Xu Guozheng, Smart Thomas J, Durech Eduard, Sarunic Marinko V
Department of Medical Physics and Biomedical Engineering, University College London, London WC1E 6BT, United Kingdom.
Institute of Ophthalmology, University College London, London WC1E 6BT, United Kingdom.
Biomed Opt Express. 2024 Jul 23;15(8):4795-4814. doi: 10.1364/BOE.528579. eCollection 2024 Aug 1.
Sensorless adaptive optics (SAO) has been widely used across diverse fields such as astronomy, microscopy, and ophthalmology. Recent advances have proved the feasibility of using the deep deterministic policy gradient (DDPG) for image metric-based SAO, achieving fast correction speeds compared to the coordinate search Zernike mode hill climbing (ZMHC) method. In this work, we present a multi-observation single-step DDPG (MOSS-DDPG) optimization framework for SAO on a confocal scanning laser ophthalmoscope (SLO) system with particular consideration for applications in preclinical retinal imaging. MOSS-DDPG optimizes target Zernike coefficients in a single-step manner based on 2 + 1 observations of the image sharpness metric values. Through simulations, MOSS-DDPG has demonstrated the capability to quickly achieve diffraction-limited resolution performance with long short-term memory (LSTM) network implementation. tests suggest that knowledge learned through simulation adapts swiftly to imperfections in the real system by transfer learning, exhibiting comparable performance to the ZMHC method with a greater than tenfold reduction in the required number of iterations.
无传感器自适应光学(SAO)已在天文学、显微镜学和眼科等多个领域得到广泛应用。
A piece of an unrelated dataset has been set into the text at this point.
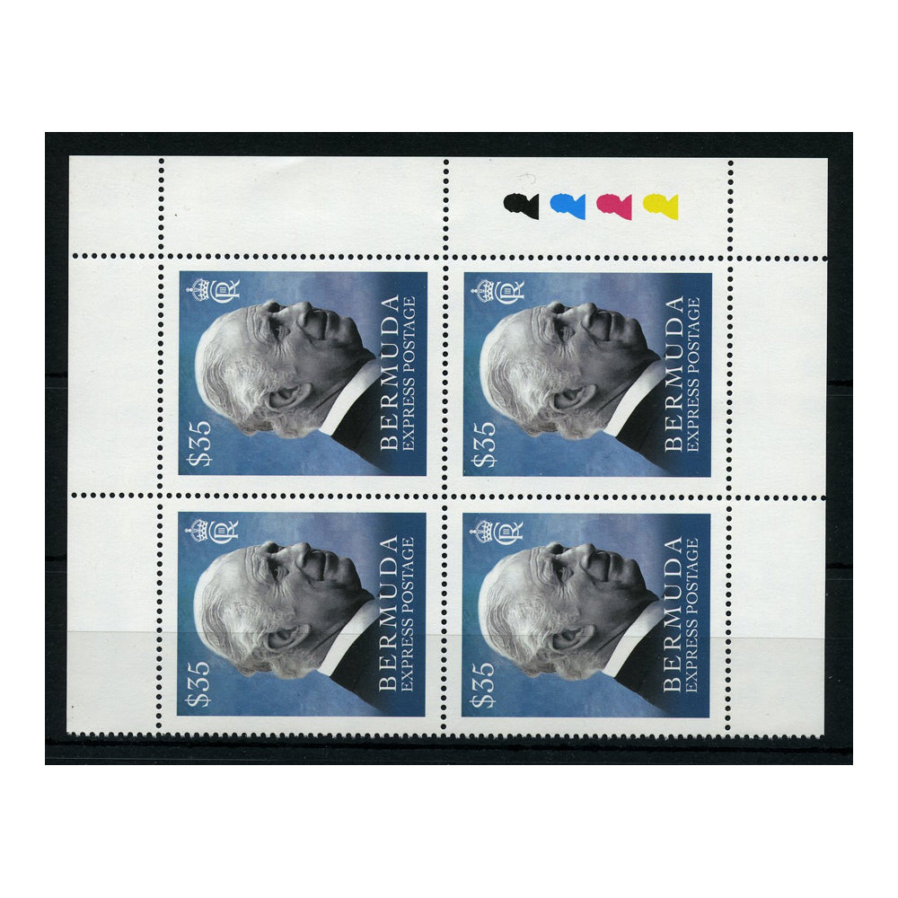 Bermuda 2023 $35 King Charles II, express post, traffic light plate block of 4, u/m.

最近的进展证明了将深度确定性策略梯度(DDPG)用于基于图像度量的SAO的可行性,与坐标搜索泽尼克模式爬山(ZMHC)方法相比,实现了更快的校正速度。在这项工作中,我们针对共焦扫描激光检眼镜(SLO)系统上的SAO提出了一种多观测单步DDPG(MOSS-DDPG)优化框架,特别考虑了其在临床前视网膜成像中的应用。MOSS-DDPG基于对图像清晰度度量值的2 + 1次观测,以单步方式优化目标泽尼克系数。通过仿真,MOSS-DDPG通过长短期记忆(LSTM)网络实现,已证明能够快速实现衍射极限分辨率性能。测试表明,通过仿真学到的知识通过迁移学习能迅速适应实际系统中的缺陷,其性能与ZMHC方法相当,所需迭代次数减少了十倍以上。